§ **Records from a data source**:
▬▬▬▬▬▬

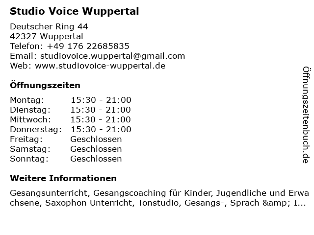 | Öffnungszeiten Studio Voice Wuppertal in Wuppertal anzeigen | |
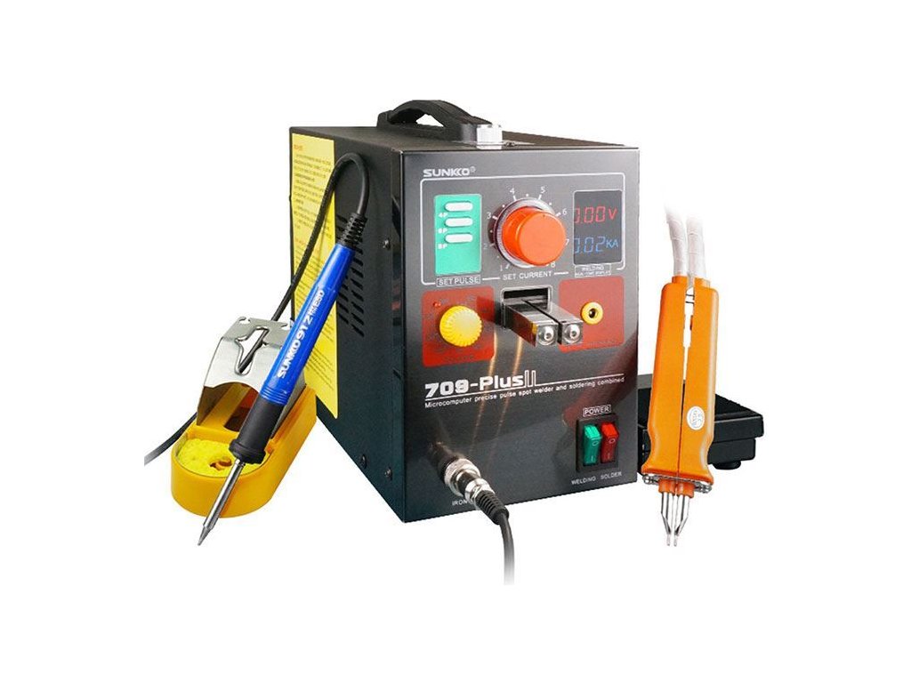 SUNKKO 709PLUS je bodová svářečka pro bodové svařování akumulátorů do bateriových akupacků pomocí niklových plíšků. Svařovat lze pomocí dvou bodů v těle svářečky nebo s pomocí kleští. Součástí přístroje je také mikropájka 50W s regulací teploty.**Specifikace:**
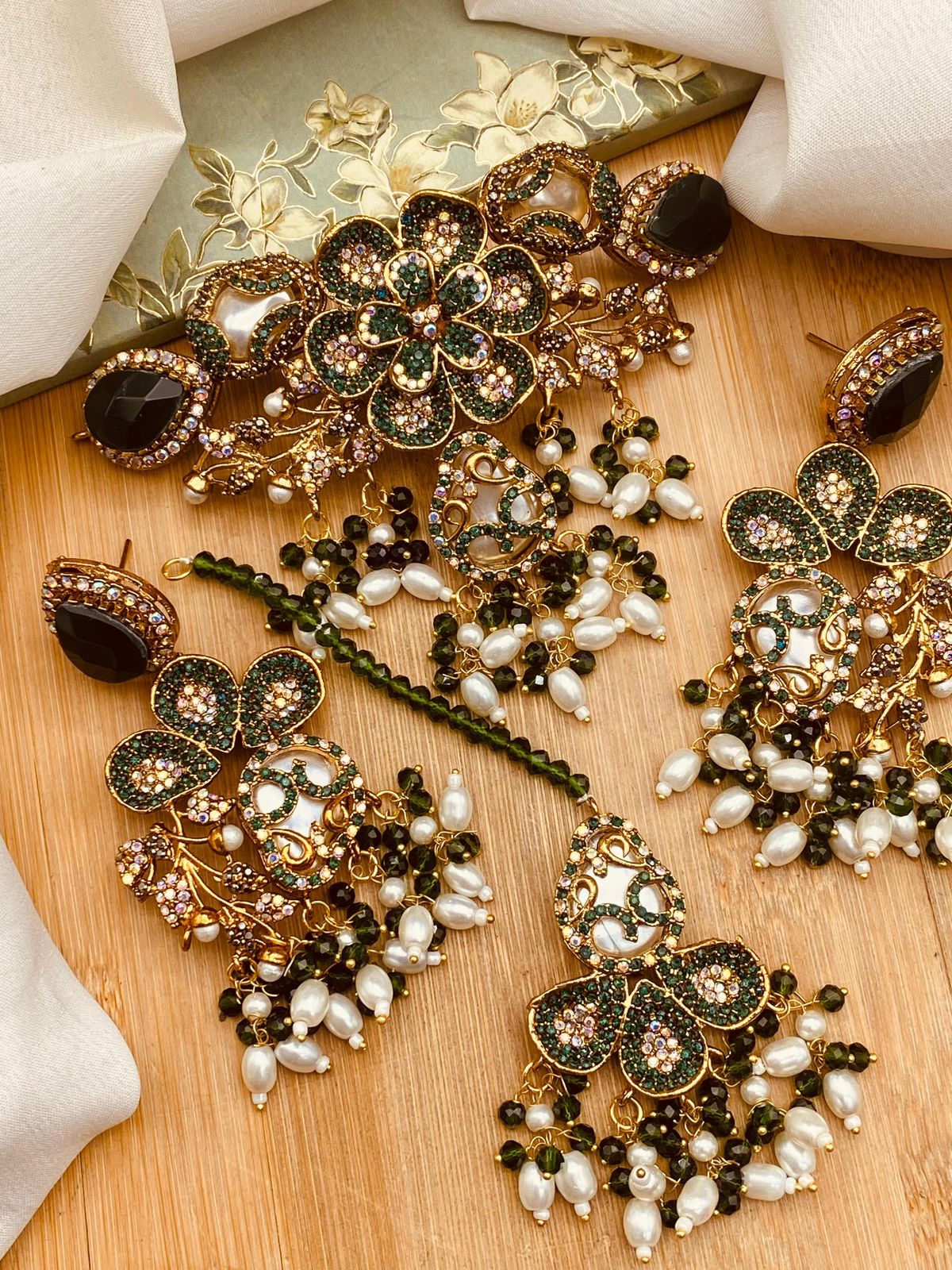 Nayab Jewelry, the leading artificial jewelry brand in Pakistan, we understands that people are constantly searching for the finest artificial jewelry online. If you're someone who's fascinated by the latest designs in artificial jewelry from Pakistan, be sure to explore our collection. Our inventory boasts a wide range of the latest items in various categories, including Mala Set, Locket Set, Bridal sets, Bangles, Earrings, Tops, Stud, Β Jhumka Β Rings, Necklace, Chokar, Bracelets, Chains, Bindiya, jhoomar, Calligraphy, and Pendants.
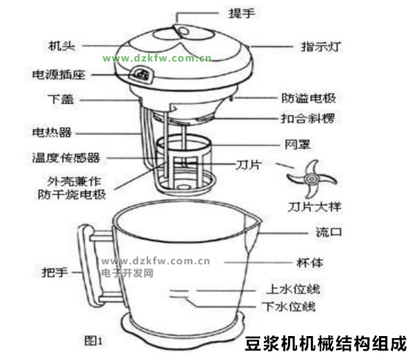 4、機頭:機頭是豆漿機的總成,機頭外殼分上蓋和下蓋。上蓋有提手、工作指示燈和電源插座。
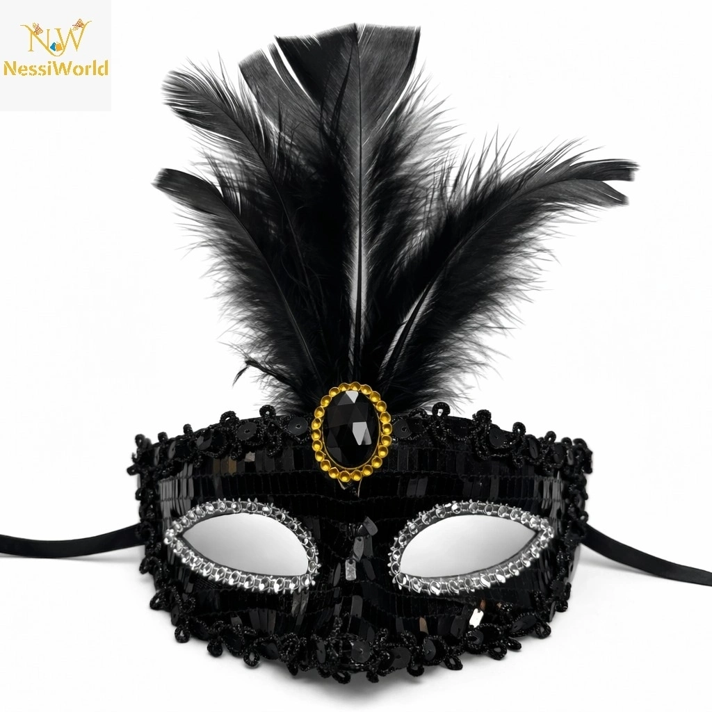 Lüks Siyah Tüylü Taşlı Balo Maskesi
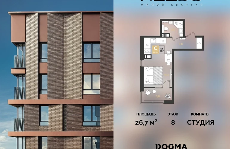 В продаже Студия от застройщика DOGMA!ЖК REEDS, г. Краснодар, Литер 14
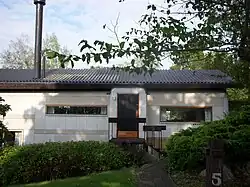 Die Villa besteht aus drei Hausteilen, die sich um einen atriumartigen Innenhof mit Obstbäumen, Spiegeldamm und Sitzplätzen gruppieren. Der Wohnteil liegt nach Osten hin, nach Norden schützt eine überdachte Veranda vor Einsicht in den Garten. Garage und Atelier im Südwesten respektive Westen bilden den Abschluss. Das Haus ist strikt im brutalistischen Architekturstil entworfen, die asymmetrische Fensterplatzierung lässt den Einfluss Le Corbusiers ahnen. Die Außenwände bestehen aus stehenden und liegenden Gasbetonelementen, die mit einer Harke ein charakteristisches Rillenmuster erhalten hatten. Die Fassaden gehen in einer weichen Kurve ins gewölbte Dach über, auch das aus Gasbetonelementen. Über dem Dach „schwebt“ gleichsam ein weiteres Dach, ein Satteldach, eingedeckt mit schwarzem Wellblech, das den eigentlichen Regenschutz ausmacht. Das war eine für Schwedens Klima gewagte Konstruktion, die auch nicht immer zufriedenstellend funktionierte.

▬▬▬▬▬▬

§ **Required action**: Output a verbatim copy of the entries and skip the pictures.

§ **Solution to this exercise**:
 | Öffnungszeiten Studio Voice Wuppertal in Wuppertal anzeigen | |
 SUNKKO 709PLUS je bodová svářečka pro bodové svařování akumulátorů do bateriových akupacků pomocí niklových plíšků. Svařovat lze pomocí dvou bodů v těle svářečky nebo s pomocí kleští. Součástí přístroje je také mikropájka 50W s regulací teploty.**Specifikace:**
 Nayab Jewelry, the leading artificial jewelry brand in Pakistan, we understands that people are constantly searching for the finest artificial jewelry online. If you're someone who's fascinated by the latest designs in artificial jewelry from Pakistan, be sure to explore our collection. Our inventory boasts a wide range of the latest items in various categories, including Mala Set, Locket Set, Bridal sets, Bangles, Earrings, Tops, Stud, Β Jhumka Β Rings, Necklace, Chokar, Bracelets, Chains, Bindiya, jhoomar, Calligraphy, and Pendants.
 4、機頭:機頭是豆漿機的總成,機頭外殼分上蓋和下蓋。上蓋有提手、工作指示燈和電源插座。
 Lüks Siyah Tüylü Taşlı Balo Maskesi
 В продаже Студия от застройщика DOGMA!ЖК REEDS, г. Краснодар, Литер 14
 Die Villa besteht aus drei Hausteilen, die sich um einen atriumartigen Innenhof mit Obstbäumen, Spiegeldamm und Sitzplätzen gruppieren. Der Wohnteil liegt nach Osten hin, nach Norden schützt eine überdachte Veranda vor Einsicht in den Garten. Garage und Atelier im Südwesten respektive Westen bilden den Abschluss. Das Haus ist strikt im brutalistischen Architekturstil entworfen, die asymmetrische Fensterplatzierung lässt den Einfluss Le Corbusiers ahnen. Die Außenwände bestehen aus stehenden und liegenden Gasbetonelementen, die mit einer Harke ein charakteristisches Rillenmuster erhalten hatten. Die Fassaden gehen in einer weichen Kurve ins gewölbte Dach über, auch das aus Gasbetonelementen. Über dem Dach „schwebt“ gleichsam ein weiteres Dach, ein Satteldach, eingedeckt mit schwarzem Wellblech, das den eigentlichen Regenschutz ausmacht. Das war eine für Schwedens Klima gewagte Konstruktion, die auch nicht immer zufriedenstellend funktionierte.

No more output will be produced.